For Clare, the day was overwhelming. Today’s news about her brother. The anxiety regarding Maggie’s state of mind. And now having to deal with Andrew’s condition. What more could she bear?
As it turned out, the doctor was also en route to the asylum and generously offered to share his carriage, an offer they promptly accepted.
Now, away from the water’s edge, Andrew’s recovery was swift, although he remained mired in embarrassment. The doctor, who was an Englishman as well, tried to downplay Andrew’s reaction by suggesting hydrophobia, as he described it, was a common malady.

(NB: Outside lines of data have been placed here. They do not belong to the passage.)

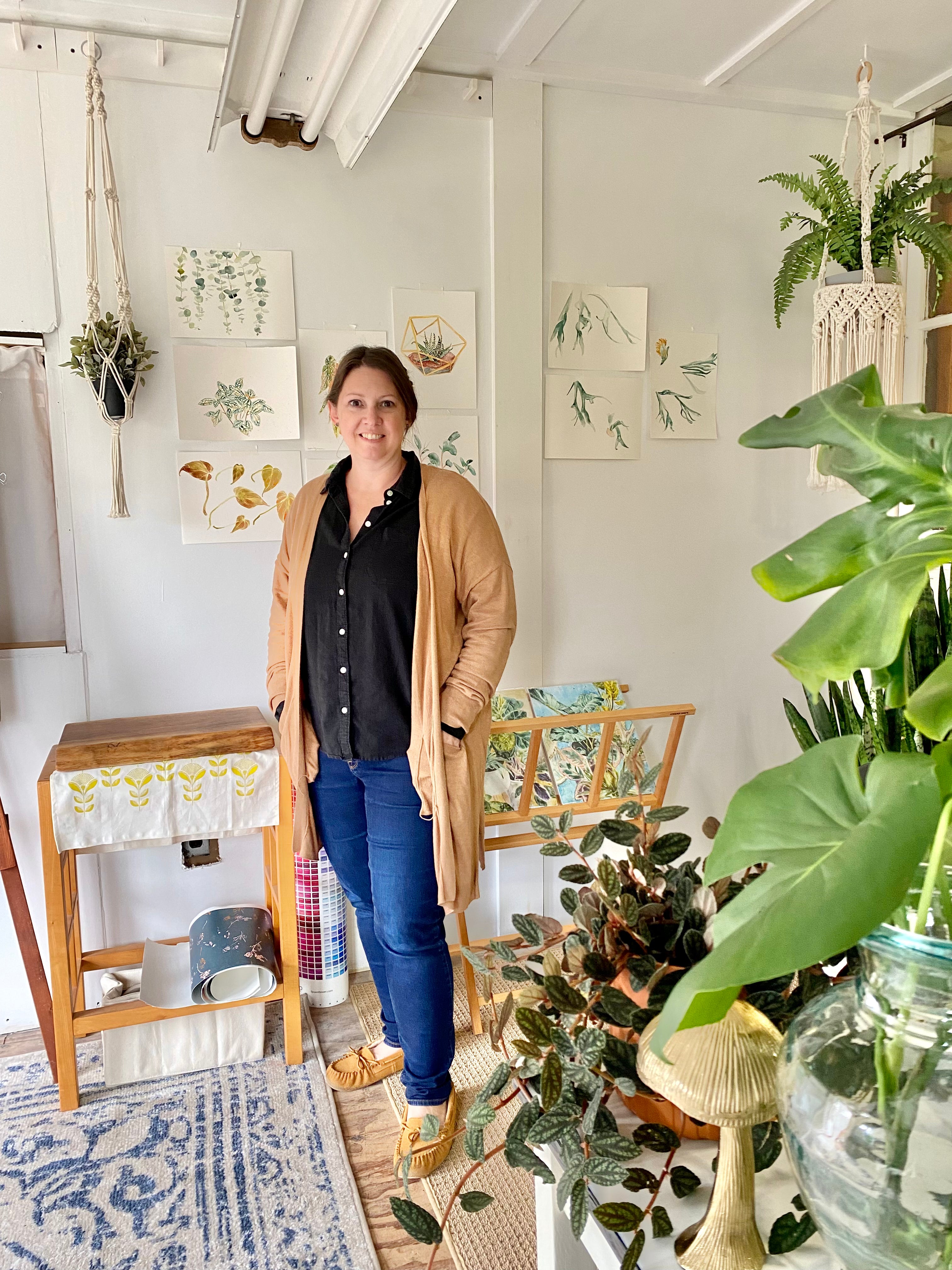 My studio is my favorite room in my home filled with beautiful books, well-loved art supplies, trailing plants, and usually two cats keeping me company. It’s a space where creativity feels easy and joyfully personal, where I can slow down and connect to what I love most: painting what inspires me and sharing it with others. There’s something meaningful about knowing my artwork might become a small part of someone’s everyday space adding color, comfort, and connection. It’s a privilege to do what I love and to see my designs find their place in homes that tell a story.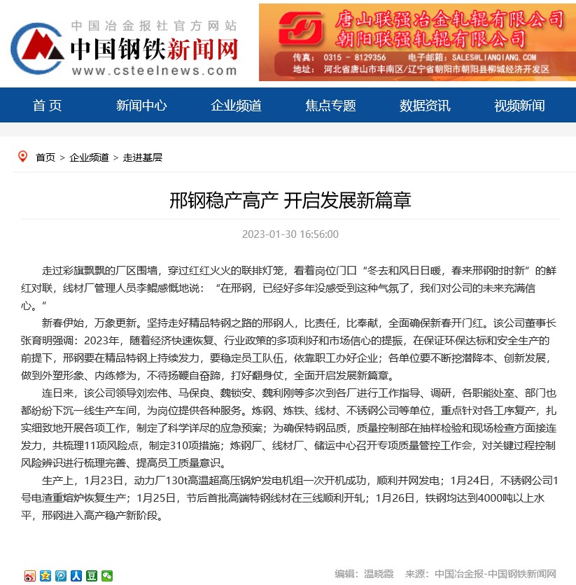 生產(chǎn)上,1月23日,動力廠130t高溫超高壓鍋爐發(fā)電機(jī)組一次開機(jī)成功,順利并網(wǎng)發(fā)電;1月24日,不銹鋼公司1號電渣重熔爐恢復(fù)生產(chǎn);1月25日,節(jié)后首批高端特鋼線材在三線順利開軋;1月26日,鐵鋼均達(dá)到4000噸以上水平,邢鋼進(jìn)入高產(chǎn)穩(wěn)產(chǎn)新階段。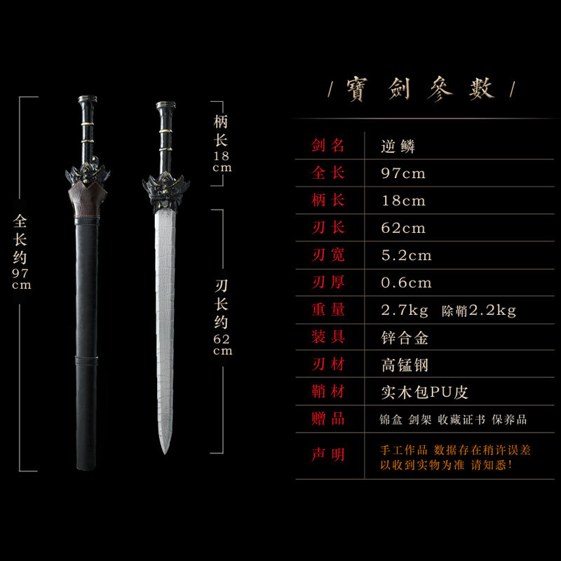 Longquan Tibetan Feng Han Feizi Inverse Scaled Sword Large Metal Weapon Film and Television Anime Sword Town House Sword Not Edged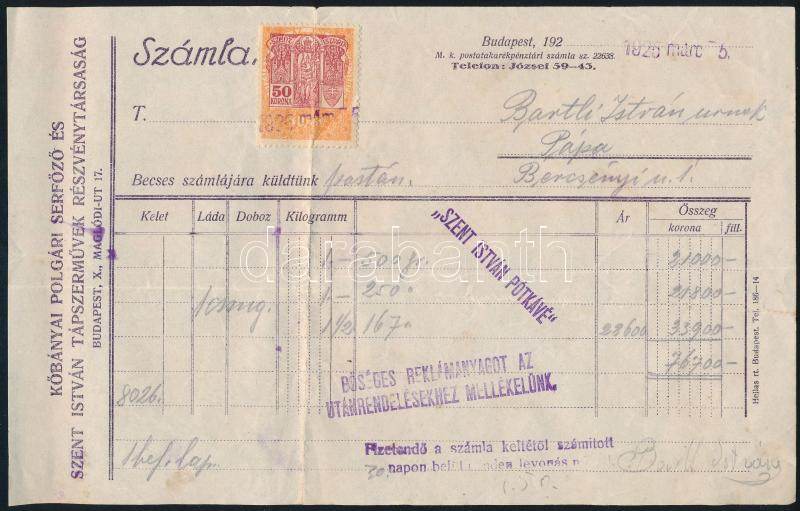 1925 Kőbányai Serfőző és Szent István Tápszerművek R.T. fejléces számla Szent István pótkávé tárgyában; rajta "Bőséges reklámanyagot az utánrendelésekhez mellékelünk." bélyegzés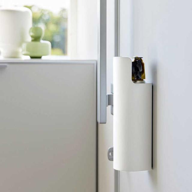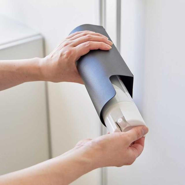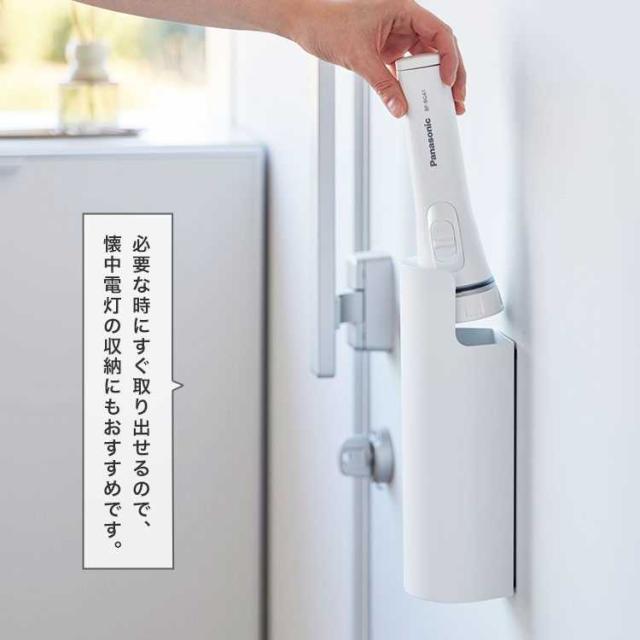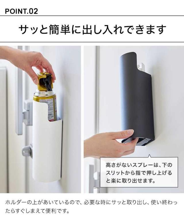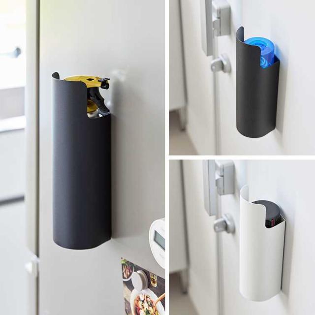 マグネットで玄関扉や冷蔵庫横、洗濯機横に簡単取り付け!生活感のあるスプレー類を隠して収納できるホルダーです。殺虫剤や消臭・防水スプレー、潤滑剤など様々な種類のスプレーを隠して収納。スプレーが取り出しにくい場合は下から指で押し上げると簡単に取り出すことができます。使いたい時にサッと取り出しやすいので懐中電灯の収納にもおすすめです。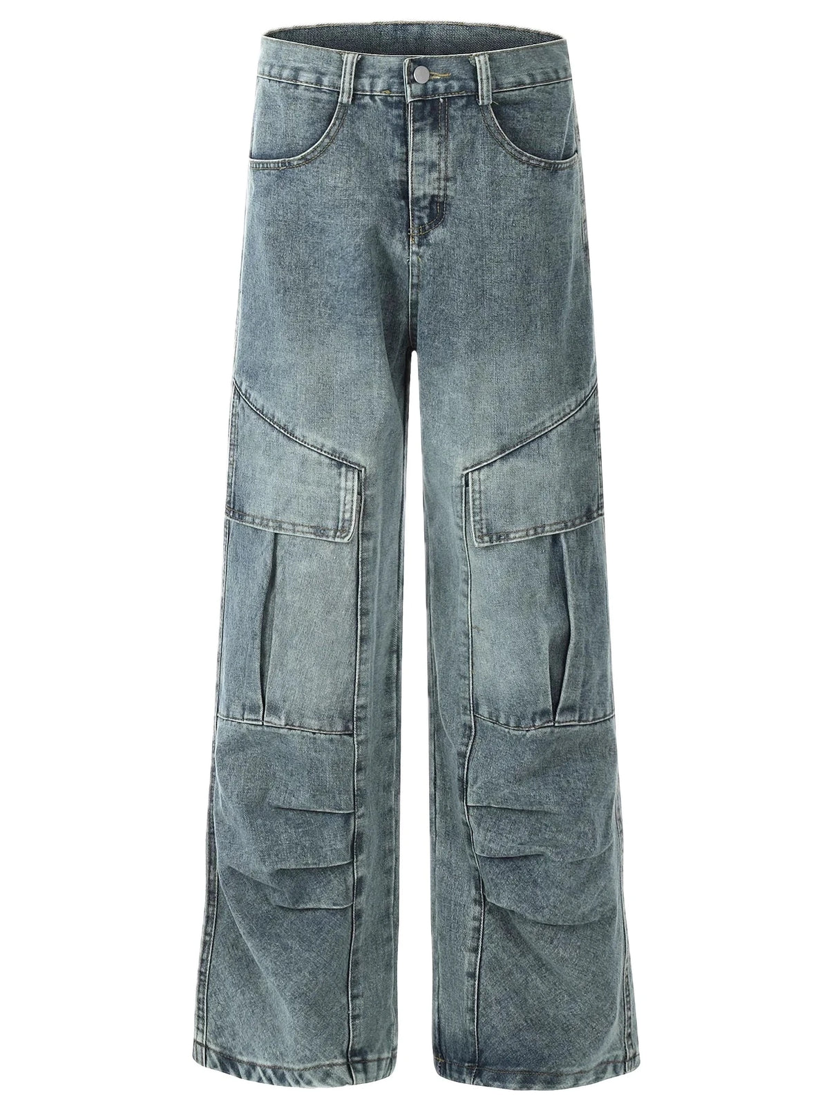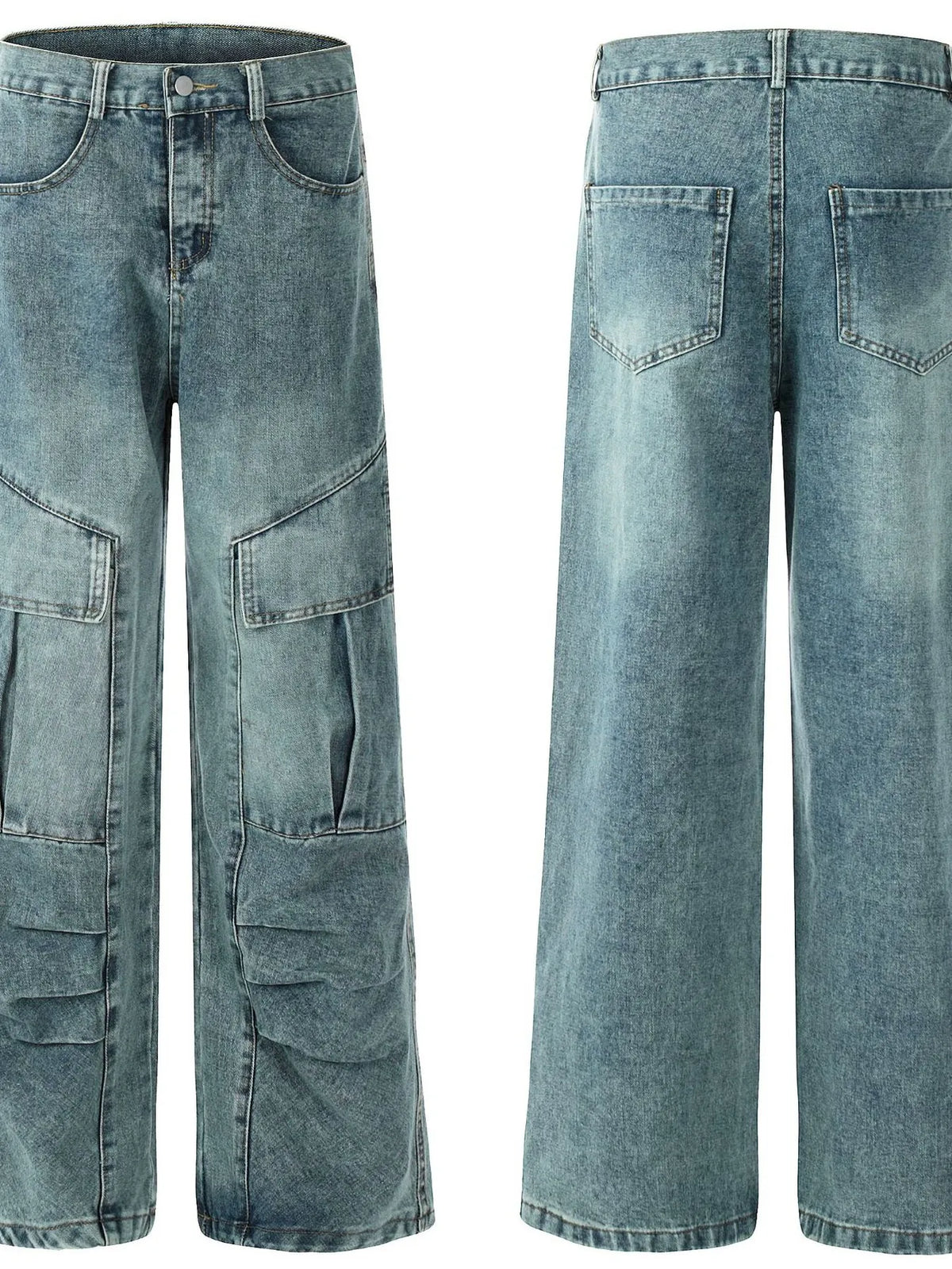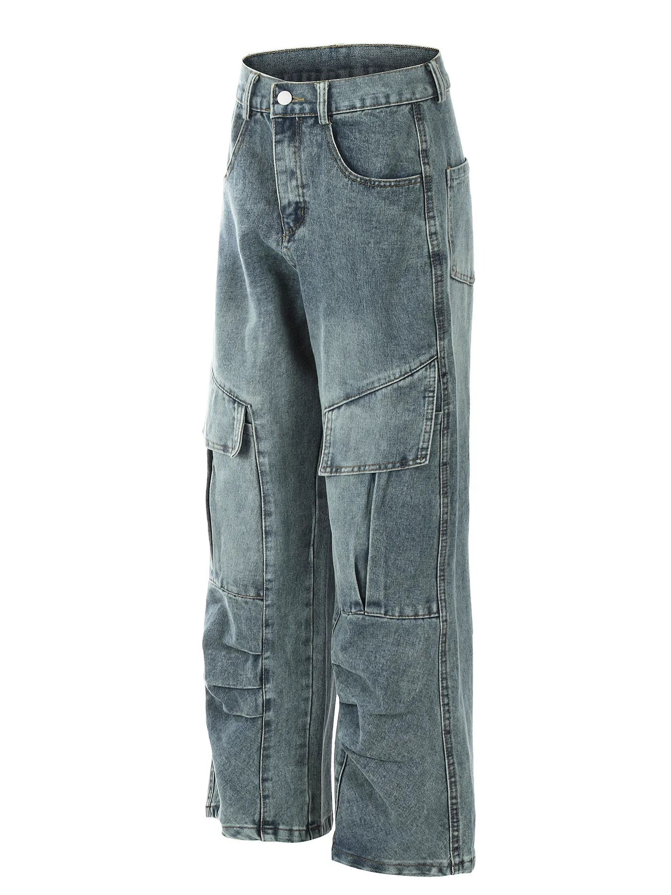 Men Wide Leg Cargo Jeans with Pockets Washed Durable Slightly Stretchy Everyday Outdoor Pants Versatile Casual Wear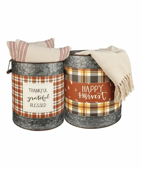 Spruce up your interior décor with this set of buckets boasting festive designs.

“There’s only one proven way to overcome it, I’m afraid. The simple act of bravery you performed today. That’s what’s needed. It’s a fear to be faced.”
“I wouldn’t use the word brave in describing what just happened,” Andrew said. “Hopefully, Doctor, you don’t have plans to commit me.”
The doctor smiled as if in courtesy but became somber. “You’ve never been to Blackwell’s asylum, have you?”
They shook their heads, and glancing out the windows of the black cab, Clare could see the vast, gray walls of the buildings approaching.
“It is a despicable place, if I’m being honest. Devoid of all humanity. As physicians we do our best to treat our patients with care. But we’re mostly overrun. I apologize for my lack of manners. You are here in the capacity of reporters? Isn’t that what you told me?”